A quick note about the survey:

The American Values Survey is an annual multi-issue survey on religion, culture and public policy . . .  to help journalists, scholars, pundits, thought leaders, clergy and the public better understand debates on public policy and the religious and cultural atmosphere that is shaping American politics and society.

(Suffice it to say, the survey is a good source that tackles many of the questions inquiring minds want to know about what Americans are thinking on a range of topics, including speculative questions about God and religion. Check it out if it suits your fancy.)

That said, I had one disappointment with the results. I devoured all 57 pages of the survey and didn’t find the question I want to have answered: How many Americans think that they need to discard religion altogether in order to become a more ethical person?

In other words, let’s flip the question on its head. because I think it’s imperative that people stop following organized religions if they want to become better people.

Why did you leave religion?

Believe it or not, many people leave religion because they realize their ethical standards are superior to the morality offered by their faiths. Are you one of them? / Image by Schäferle from Pixabay

I still get asked this question from time to time and the answer I usually provide is that I left religion to become a better person. By better, I really do mean having a stronger and broader ethical foundation to stand on than my faith was providing for me.

You see, religion has a way of making a person focus on their own lives to the exclusion of everything else. When a person is in a religion little matters except the salvation of their soul. One is simply too preoccupied with their faults (sins) and working so hard to earn God’s favor that other concerns fade from view.

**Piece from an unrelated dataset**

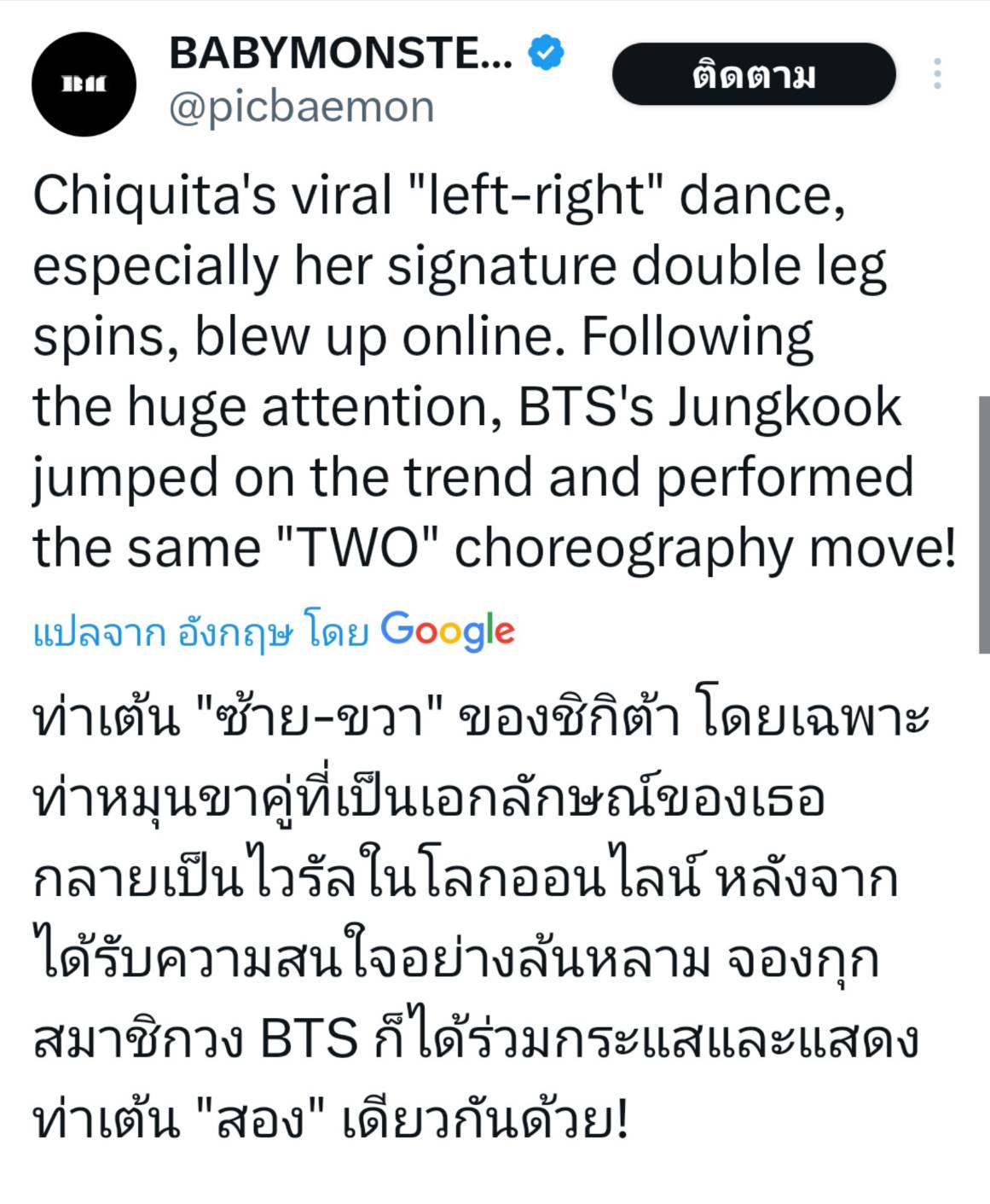 CHIQUITA Trendsetter ครั้งที่แล้วนักออกแบบท่าเต้นระดับโลก คราวนี้เป็น Jung Kook BTS มาใช้ท่าเต้นของ CHIQUITA ในเพลง two ไม่ได้อะไร

This is not my opinion insomuch as it’s based on biblical mandates. Christians believe that Jesus may come at any moment, that their faith must consume their lives, and that they might even have to forsake friends or family members to pursue their beliefs. It’s this kind of personal devotion that leads to what I call having an us and them mentality.

Having an us and them mentality is cherishing the tribal notion that only me and my people matter. It’s a contrived bias in which believers tend to think they are right and everybody else is wrong; that their people know the truth and no other faith-based group measures up; and that they are justified in saying and doing what they want because they think God is giving them their marching orders.

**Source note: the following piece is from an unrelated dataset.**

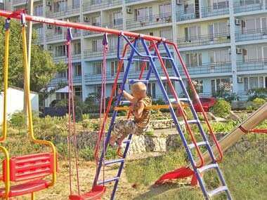 На залитой солнцем площадке с потрясающим панорамным видом на море в окружении благоухающих клумб располагается детская игровая площадка. Для малышей здесь оборудованы игровые снаряды – горка, лестницы, подвесные качели, качели на перевес. Все снаряды прочные, устойчивые, безопасные. В этом месте в отельном комплексе часто организовываются развлекательные мероприятия, детские праздники.

I saw the moral implications in this way of thinking straightaway upon my conversion, and it was an eventual deal breaker for me.  I thought it wrong to think about people and to interact with them in this way. I didn’t want to feel animosity or disown family members and friends who didn’t believe as I. I couldn’t justify the level of arrogance required to think that I was better than others.

In other words, I had to leave religion because it became a moral imperative.

And when that moment arrived when I had to make my break from religion, I couldn’t wait to reengage with humanity again. To become a participant in life. To dive headlong into all the wonders of human existence—and yes, the horrors too—because this is the only way to engage in life and find ways to make a difference.

This is just one of the reasons why I left religion to become a better person. I’ve got many more, but perhaps readers have a few they’d like to share?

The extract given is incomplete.